> TASK DESCRIPTION
Only the stretch of the listing below that runs from the line with "The Varied Rib Cardigan - Navy" through the line with "- Spend 63,500" is to be printed, exactly and with both ends.

> DATA LISTING
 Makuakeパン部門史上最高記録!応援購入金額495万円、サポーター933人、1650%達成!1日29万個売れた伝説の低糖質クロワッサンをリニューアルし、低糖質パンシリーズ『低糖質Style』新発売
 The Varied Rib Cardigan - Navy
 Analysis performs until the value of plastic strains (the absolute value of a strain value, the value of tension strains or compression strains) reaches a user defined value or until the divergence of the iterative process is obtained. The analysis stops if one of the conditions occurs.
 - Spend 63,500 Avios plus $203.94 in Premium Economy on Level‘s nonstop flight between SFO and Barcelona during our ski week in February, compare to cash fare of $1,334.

--

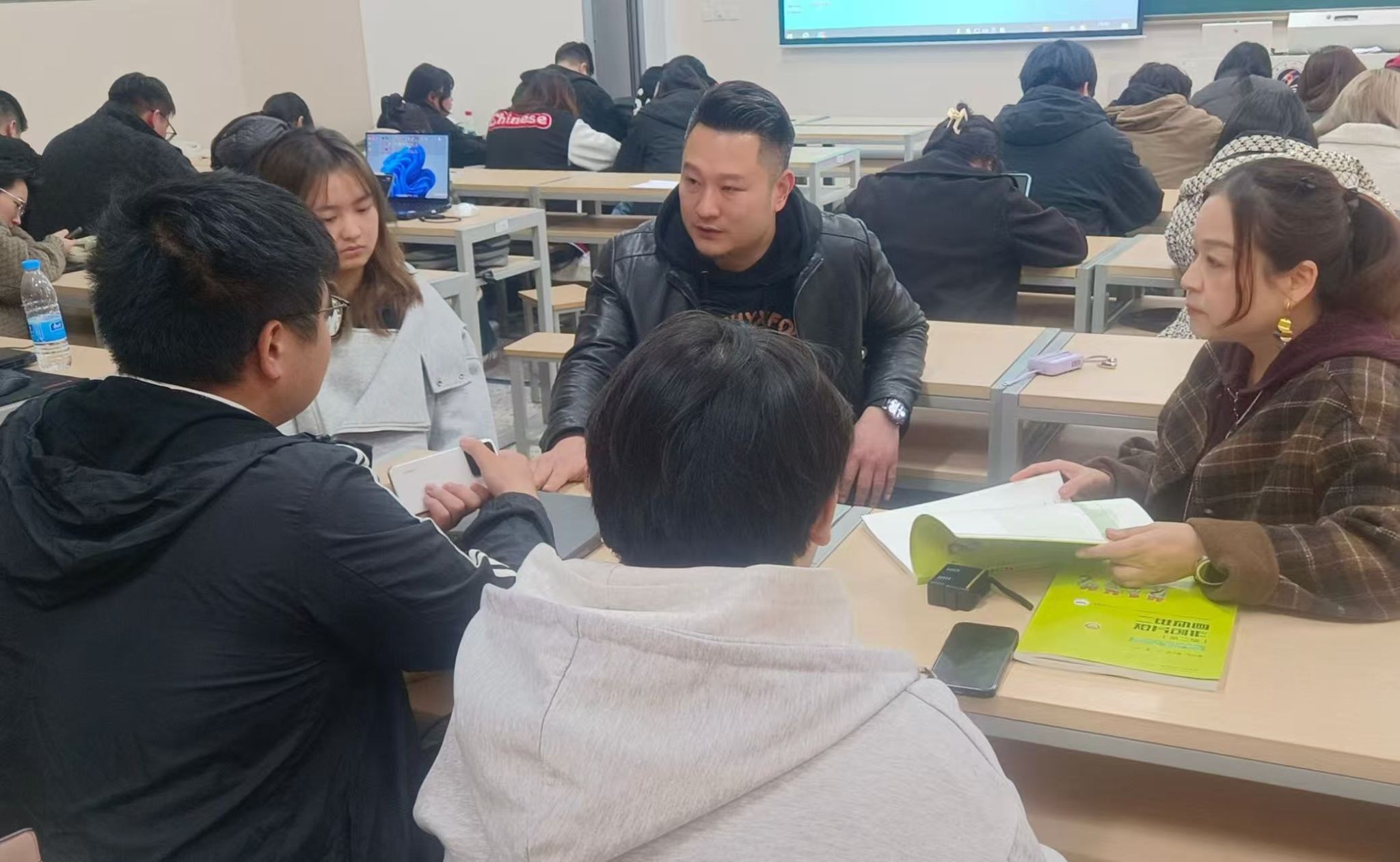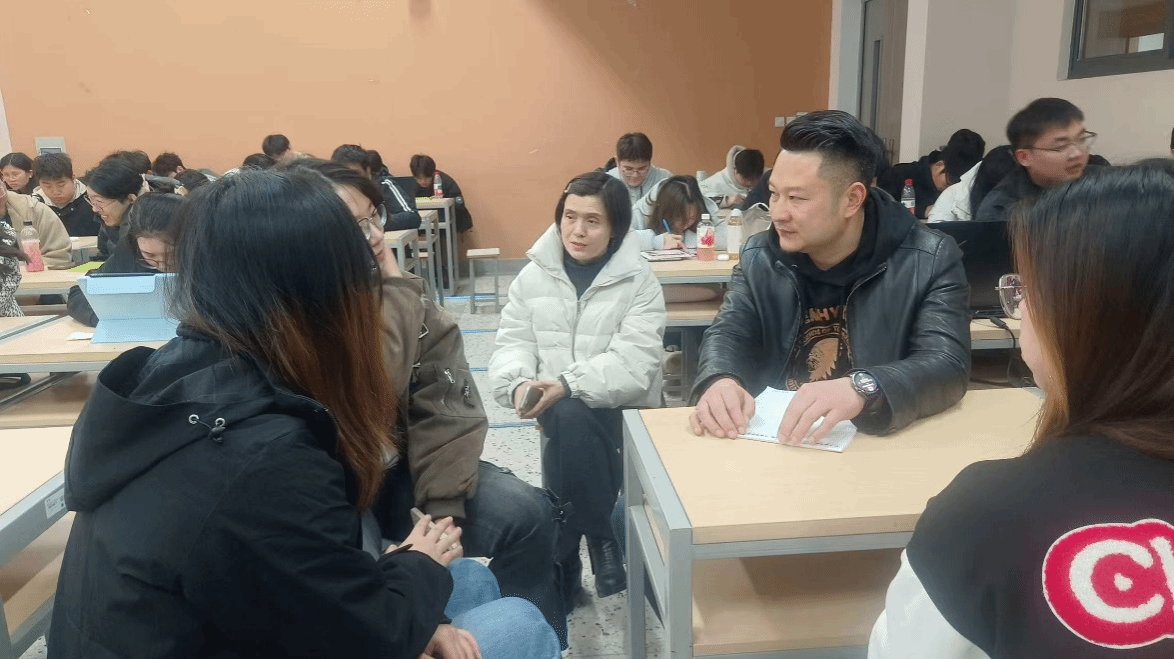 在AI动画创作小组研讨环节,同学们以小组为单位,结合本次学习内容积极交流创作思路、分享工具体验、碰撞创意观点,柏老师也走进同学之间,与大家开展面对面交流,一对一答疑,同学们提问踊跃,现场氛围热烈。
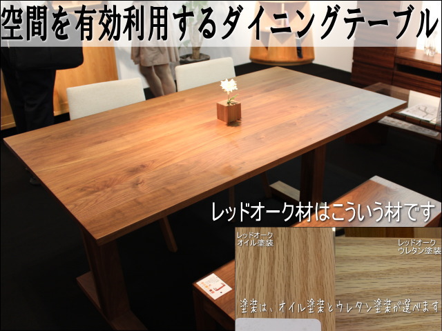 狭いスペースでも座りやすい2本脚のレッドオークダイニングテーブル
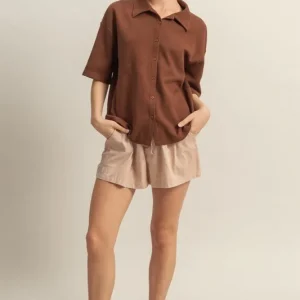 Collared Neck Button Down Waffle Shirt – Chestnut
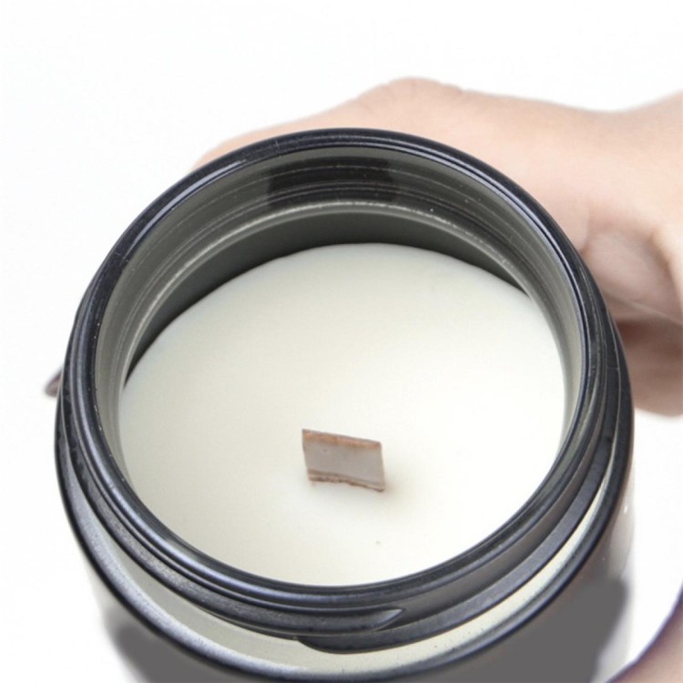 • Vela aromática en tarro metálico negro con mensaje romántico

--

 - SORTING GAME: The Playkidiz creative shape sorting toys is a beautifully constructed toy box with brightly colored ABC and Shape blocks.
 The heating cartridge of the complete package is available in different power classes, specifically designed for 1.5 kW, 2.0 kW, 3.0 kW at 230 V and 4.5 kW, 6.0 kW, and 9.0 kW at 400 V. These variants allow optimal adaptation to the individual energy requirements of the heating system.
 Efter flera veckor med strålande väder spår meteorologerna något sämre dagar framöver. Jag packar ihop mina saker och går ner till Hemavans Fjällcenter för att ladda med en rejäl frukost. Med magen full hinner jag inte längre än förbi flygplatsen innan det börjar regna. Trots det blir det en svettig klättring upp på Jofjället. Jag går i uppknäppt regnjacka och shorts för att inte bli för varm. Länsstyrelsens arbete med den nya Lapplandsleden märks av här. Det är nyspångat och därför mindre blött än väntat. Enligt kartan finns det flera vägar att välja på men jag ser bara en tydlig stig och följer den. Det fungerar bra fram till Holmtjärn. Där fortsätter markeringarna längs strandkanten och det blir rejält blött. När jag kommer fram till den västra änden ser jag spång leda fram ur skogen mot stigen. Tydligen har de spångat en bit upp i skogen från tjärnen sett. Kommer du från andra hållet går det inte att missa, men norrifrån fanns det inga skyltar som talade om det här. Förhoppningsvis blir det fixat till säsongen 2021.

> TASK RESPONSE
 The Varied Rib Cardigan - Navy
 Analysis performs until the value of plastic strains (the absolute value of a strain value, the value of tension strains or compression strains) reaches a user defined value or until the divergence of the iterative process is obtained. The analysis stops if one of the conditions occurs.
 - Spend 63,500 Avios plus $203.94 in Premium Economy on Level‘s nonstop flight between SFO and Barcelona during our ski week in February, compare to cash fare of $1,334.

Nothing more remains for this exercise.